Keywords oval-shaped canals - gutta-percha-filled area - sealer - voids - filling techniques
Introduction
Endodontic treatment aims to maintain or reestablish the health of periapical tissues
by cleaning and filling the root canals.[1 ]
[2 ] Biomechanical preparation and intracanal dressing (when used) are responsible for
disinfection; however, they are not able to completely eliminate the root canal system
content.[3 ]
[4 ] Therefore, an effective root canal filling must be performed to maintain cleanliness,
trap remaining microorganisms, interrupt the supply of nutrients needed for their
survival, and avoid contamination or recontamination.[5 ]
Obturation has most commonly been performed with gutta-percha and a sealer. Schilder[1 ] and Epley et al[6 ] suggested that root canal filling material should adapt adequately to the canal
walls as well as its irregularities. Furthermore, it is important that gutta-percha
be placed along the entire length of the canal, be densely compacted, and consist
of a homogeneous mass. For this reason, a widely used strategy to evaluate the quality
of obturations is to analyze the percentages of areas filled with gutta-percha, sealer
and voids (PGFA, PSFA, and PVFA, respectively).[7 ]
[8 ]
The cold lateral condensation technique (CLCT) is the most common approach used in
endodontic clinics. Its advantages include relative ease of use, low cost, predictability,
and controlled placement.
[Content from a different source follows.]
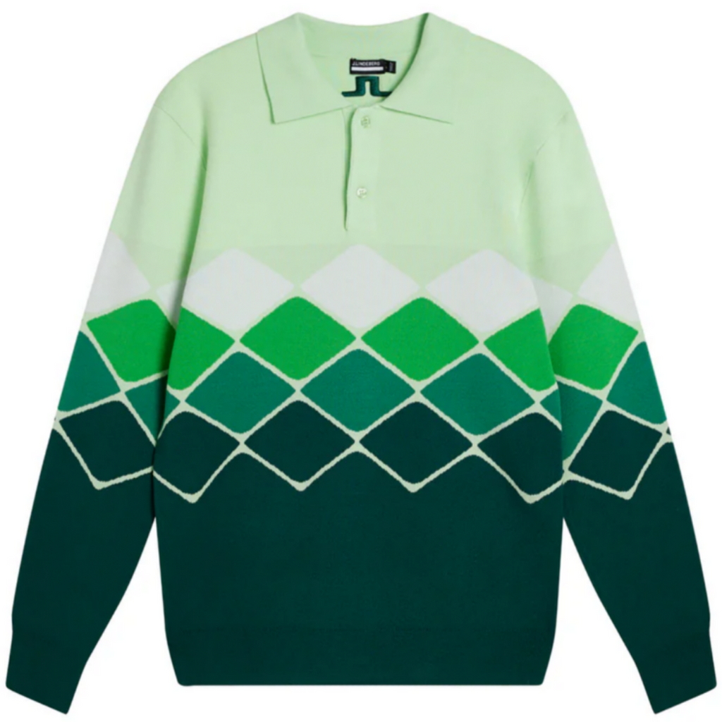 J. Lindeberg Ron AMKW08158 M374 heren golfshirt. Een gebreide golftrui gemaakt van een zachte en elastische mix van viscose en polyester. De veelkleurige diamantvormige stof is een knipoog naar de iconische Argyle stijl, met een kleurverloop langs de body en de mouwen voor een ombre-effect. De geribde randen zijn tijdloos, terwijl de lijst met knopen dit klassieke item een moderne uitstraling geeft.

However, this technique has been known to leave voids, use
an excessive amount of sealer, and be deficient in adapting gutta-percha adequately
to root canal walls.[5 ]
The warm vertical condensation technique enables gutta-percha to be provided in a
homogeneous and dimensionally stable mass; this makes it easier for the material to
penetrate root canal system ramifications. This technique has been simplified by certain
recently introduced devices such as System B (SybronEndo; Orange, California, United
States). This or similar equipment allows the heating of the filling material in a
single step. Moreover, this approach leads to the creation of the continuous wave
of condensation technique (CWCT). CWCT is not only a more costly technique, requiring
specific equipment, but it also promotes higher extrusion of filling materials.[5 ]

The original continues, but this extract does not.